Когда мы уезжали из Киева и вещи уже были уложены, мама сказала, стоя посреди пустой комнаты: «Зачем мы едем! Даже стены плачут…» Я посмотрела на стены и не увидела, как они плачут. Мы ехали в теплушке. Мы — это наша семья и все актеры папиного театра. Актеры и студийцы. На станции Казатин к нам в теплушку ворвались польские легионеры . Меня из высокой теплушки швырнули на рельсы. Тогда же на моих и маминых глазах расстреляли моего отца. Помню ясно полет пули, почему‑то мохнатой, как шмель.

Еще среди самых страшных и четких воспоминаний: ночь (того же дня). Меня впихнули в санитарный поезд и усадили в тамбуре возле окошка на свернутый тюфяк. Из этого окошка я вижу подводу, полную стонущих и кричащих людей. Кто‑то ходит вокруг нее с фонарем, то и дело поднимает его. Свет на секунду выхватывает отдельные фигуры. То было в 1920 г. 27 апреля.

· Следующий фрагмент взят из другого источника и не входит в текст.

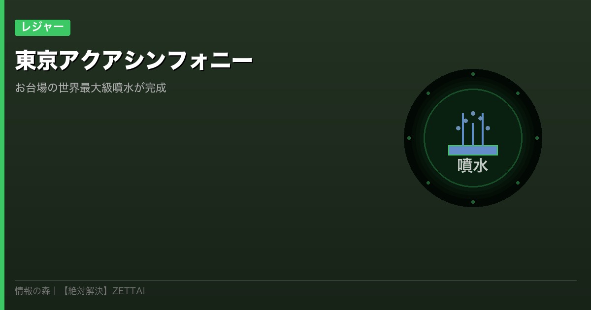 世界最大級のスケールで東京湾を彩る「東京アクアシンフォニー」。26億円をかけて完成した噴水ショーは、あなたの想像をはるかに超える迫力です。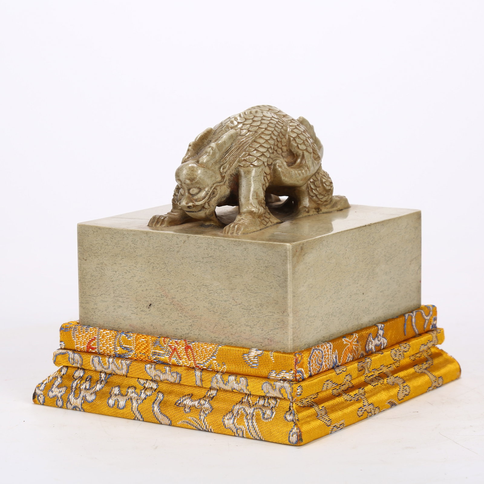 A SHOUSHAN STONE INTERLOCKING DRAGON KNOB SEAL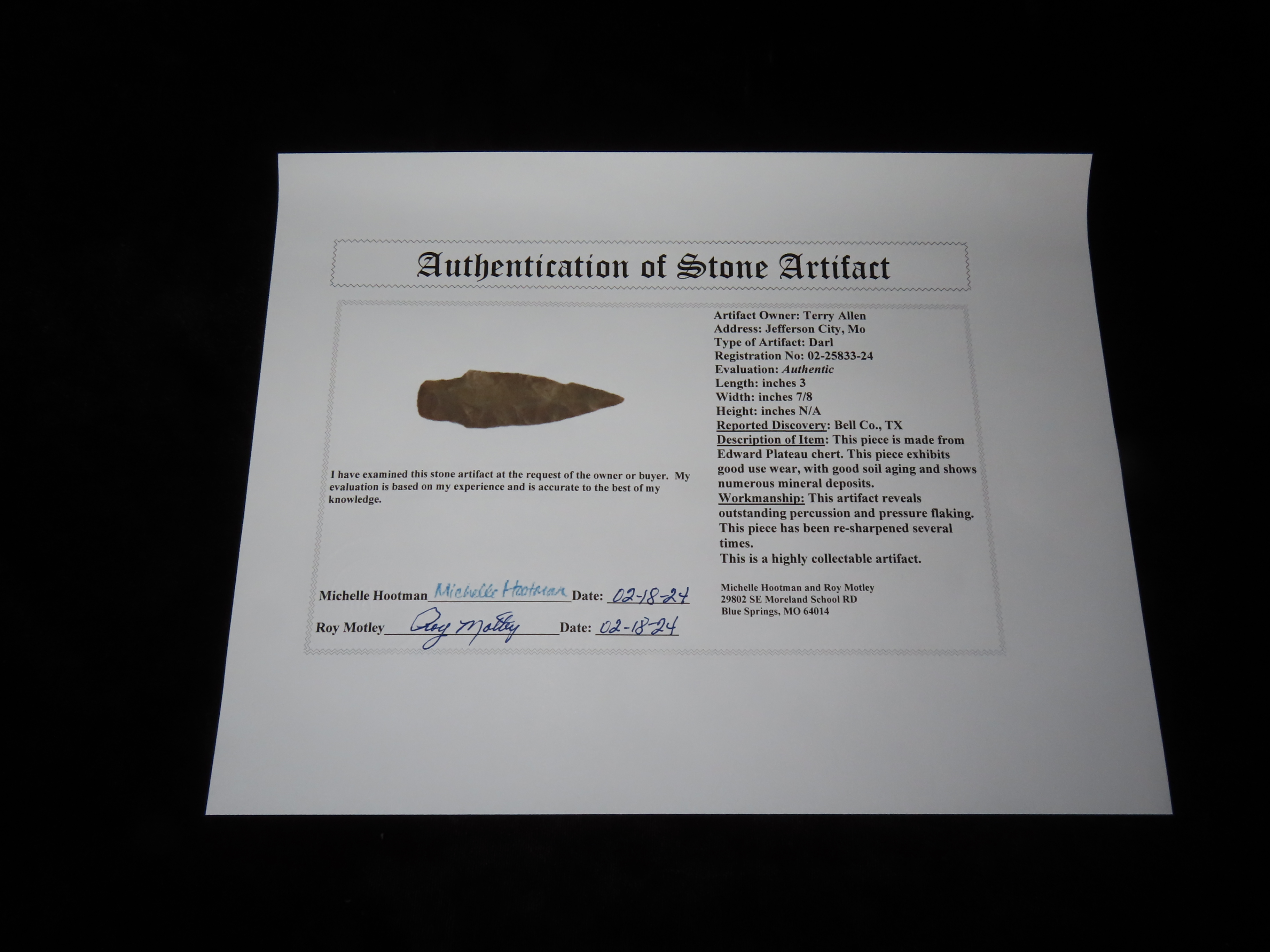 3″ Darl, Motley COA, found in Bell Co., Texas, Ex Terry Allen Collection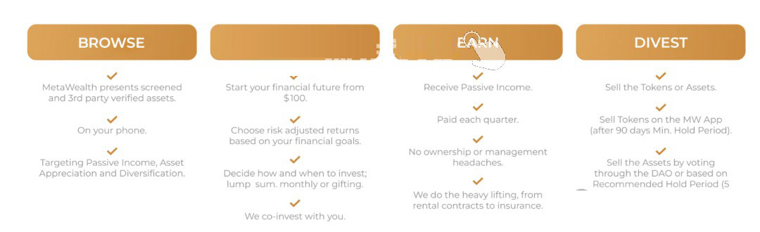 MetaWealth 与第三方质量评估机构完成审计和调研后,将合格房产收购并出租,同时将将房产的所有权碎片化,使得用户可以以最低 100 美元的低门槛参与投资,并根据投资占房产总价的份额分取租金。

К зиме мы добрались до Москвы. Под Москвой в Петровском парке — санаторий. для душевно больных . Туда кое‑как устроили мою маму вместе со мной. Добрая русская врачиха Вера Петровна живет со своим сыном напротив. Она часто навещает нас. Мама больна. Я все время голодна и запугана. Прошлым летом, до того, как мы выбрались из Украины, до того, как пришли красные , мы прятались в разных местах, и мне было велено молчать. Ведь я говорила на идиш, и это бы нас выдало.

 

1921–22 гг. МОСКВА.

Большая Дмитровка. Здесь мы жили примерно полтора года. Это был дом бывшей гостиницы. Кто там только ни жил! Мы занимали большой «номер». Его одно окно выходило на Салтыковский переулок , куда мама посылала меня «гулять». Зимой я очень неохотно гуляла, так как была плохо одета и страшно мерзла. Мама выглядывала через форточку и подбадривала меня, обещая вскоре позвать домой. Большим развлечением во время этих прогулок был для меня театр Зимина  напротив. На его стенах были замечательные цветные изображения к сказке Пушкина «Золотой петушок». Картины были в человеческий рост, а может и еще больше.

С нами вместе жили мамина старая подруга Малкелэ с мужем и с сыном. Все мы жили как одной семьей. Вместе голодали и холодали, и делились всем тем, что удавалось раздобыть. (Тогда уже жил с нами мой будущий отчим .) Меня и Давидку, сына Малкелэ, приняли в школу Гнесиных . Я хорошо успевала.

 

1923 г. ДЕРЕВНЯ ИВАНЬКОВО  (Подмосковье).

Сюда привезла меня мама по настоянию врача. Он нашел у меня туберкулез костей. Лия, наш новый друг, сняла для нас с мамой комнатку у старушки — бывшей помещицы и бывшей жены художника Художественного театра Виктора Ивановича Симова . На дворе стоял лютый московский февраль. Мое туловище упаковали в гипс, и так я пролежала всю зиму, шевеля только руками и ногами. Лежала я на спине, ела лежа и пила из чайничка. К весне мне было разрешено переворачиваться на живот, опираясь на локти. Так я пролежала два с половиной года. Для меня заказали специальную коляску, в которой летом выставляли на целый день в сад. Там я, лежа на животе, писала свои стихи, которые начала сочинять еще в Москве, на Большой Дмитровке. Но тогда мне их записывала мама. А теперь я писала сама. Ведь мне было уже 9 лет! Мама давала мне задания по русскому языку и арифметике. Кроме того, я очень увлекалась разным рукоделием, рисованием, вырезыванием, а главное, чтением. Мне привозили книги из города. Нас окружали друзья, которые обо мне заботились. Тоскливо было зимой. Особенно по вечерам. За окном завывали собаки, а мама пела грустные песни, от которых я часто плакала. Мне становилось все труднее лежать. Я чувствовала себя оторванной от живой нормальной жизни.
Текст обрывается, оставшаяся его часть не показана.